PRESIDENTE. Non vi sono altri iscritti a parlare e pertanto dichiaro chiusa la discussione sulle linee generali.

(Repliche del relatore e del Governo - A.C. 225-2274-A)

PRESIDENTE. Ha facoltà di replicare il relatore, presidente della Commissione attività produttive, onorevole Dal Lago.

MANUELA DAL LAGO, Relatore. Signor Presidente, non desidero replicare, vorrei invece chiederle cortesemente, anche a nome del presidente Giorgetti della V Commissione e del presidente Bruno della I Commissione, se martedì è possibile anticipare la discussione di questo provvedimento rispetto al testo unificato di modifica dell'articolo 81 della Costituzione. Ciò anche a fronte del fatto che su questo provvedimento, ancorché possano essere presentati emendamenti entro lunedì, comunque c'è una tale sintonia all'interno della Commissione che il Comitato dei nove non avrà problemi ad arrivare presto alla presentazione in Aula delle proposte definitive, mentre la I e la V Commissione - mi spiegavano - hanno ancora qualcosa da limare probabilmente con il Governo e avrebbero bisogno di qualche ora in più.

PRESIDENTE. Onorevole Dal Lago, le ricordo che l'ordine del giorno è stato stabilito dalla Conferenza dei presidenti di gruppo e come tale non è nella nostra facoltà cambiarlo in questa sede. Eventualmente, martedì l'Assemblea sovrana potrà invertire i punti all'ordine del giorno, quindi si valuterà in base ai lavori relativi ai due provvedimenti e decideremo insieme a quale dare la precedenza.

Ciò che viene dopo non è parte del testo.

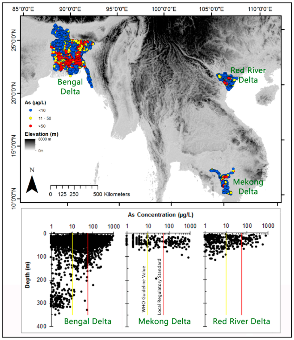 Although the use of groundwater as a source of drinking water in Asia has a long history, it was only during the period between 1970 and 2000 that it markedly expanded to its current extent [27,28]. The reason for this increased usage was to avoid vector borne cholera and diarrheal diseases (one of the top causes of morbidity and mortality in the region and particularly associated with surface water sources) [28,29]. The move significantly reduced vector borne diseases in the region, but inadvertently introduced naturally occurring arsenic, which is particularly extensive in Asian deltas, the impact of which was discovered during the 1990s. This has been termed the “largest mass poisoning of a population in history” [30]. A study in 2010 estimated that around 20% of all the deaths in Bangladesh are linked to the arsenic poisoning [31].

ROBERTO GIACHETTI. Chiedo di parlare sull'ordine dei lavori.

PRESIDENTE. Ne ha facoltà.

ROBERTO GIACHETTI. Signor Presidente, la ringrazio della sua risposta e pregherei tutti noi di tenere conto che è chiaro che dobbiamo considerare l'ordine Pag. 63del giorno della seduta di martedì esattamente come è. Quindi anche i vari lavori propedeutici devono essere svolti in modo tale che martedì sia possibile cominciare con l'esame del testo unificato di modifica dell'articolo 81 della Costituzione, senza dare già per scontato che seguiremo l'ordine del giorno, visto che la discussione doveva cominciare oggi. Giustamente, il Ministro ci ha fatto le sue considerazioni e la Conferenza dei presidenti di gruppo ha deciso di rinviarlo alla settimana prossima. Sotto molti punti di vista riterrei molto più opportuno, senza nulla togliere all'importanza dell'argomento, che martedì fossimo nelle condizioni di iniziare con l'esame del testo unificato di modifica dell'articolo 81, per le evidenti ragioni politiche che abbiamo di fronte. Lo dico semplicemente perché la sua risposta è giustissima e la comprendo, ma contemporaneamente rivolgo un invito a tutti noi a fare in modo che questo sia uno spunto in più per lavorare proficuamente nelle prossime ore ed avere il provvedimento sull'articolo 81 della Costituzione in condizione di essere esaminato dalla Camera martedì prossimo.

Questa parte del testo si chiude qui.